President Hu Jintao opened the railway to the Tibetan capital of Lhasa July 1, calling it a magnificent engineering feat and a miracle for the world.

The 4.2-billion dollar railway which runs 1,142-kilometers (713 miles) from the desert outpost of Golmud in Qinghai province to Lhasa, the regional capital of Tibet, is the highest in the world.

It climbs a peak of 5,072 meters (16,737 feet) above sea level along the Tibetan plateau, with the railway using supposedly state-of-the-art cooling techniques to ensure the permafrost foundation remains frozen.

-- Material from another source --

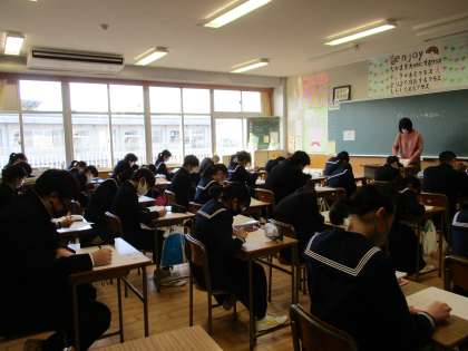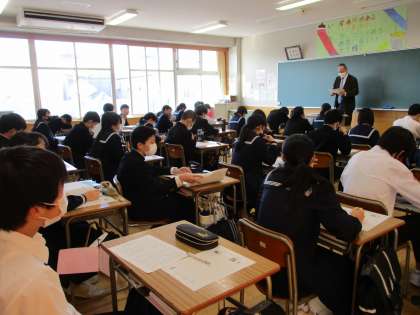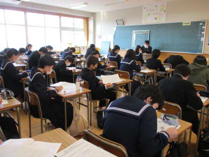 全国中学生人権作文コンテストの優秀作文を担任の先生に読んでもらい、聴いた感想をワークシートにまとめました。聴き終わった後、「人権」について真剣に考えている姿が印象的でした。

Wang added that shifting sands in the region were also causing greater harm to the railway than expected, while engineers had still not figured out how to keep herds of yaks off the tracks, the report said.

"These form dangers to passengers on the train," he said.

Climatologists monitoring global warming last year said that rising temperatures could lead to the melting of the permafrost foundation of the railway, but said nothing about the frozen ground sinking or cracking.

"By 2050, safe operation of the Qinghai-Tibet railway will be affected if temperatures keep rising steadily as observed over the past decades," the China Daily quoted a climatologist as saying at a Beijing symposium last year.

Railway spokesman Wang did not say how engineers would address the problems.

The government sees the rail line as an important tool in modernizing and developing Tibet, which has been part of China since Chinese troops "liberated" the region in 1950.

However critics argue the line will allow the national majority Han Chinese to flood in to Tibet, leading to the devastation of the local Tibetan culture, as well as accelerate environmental degradation of the pristine region.

Previously Han Chinese could only get to Tibet on slow, uncomfortable bus rides or on relatively expensive flights. On the new train, people can travel for 48 hours from Beijing to Lhasa for under 50 dollars.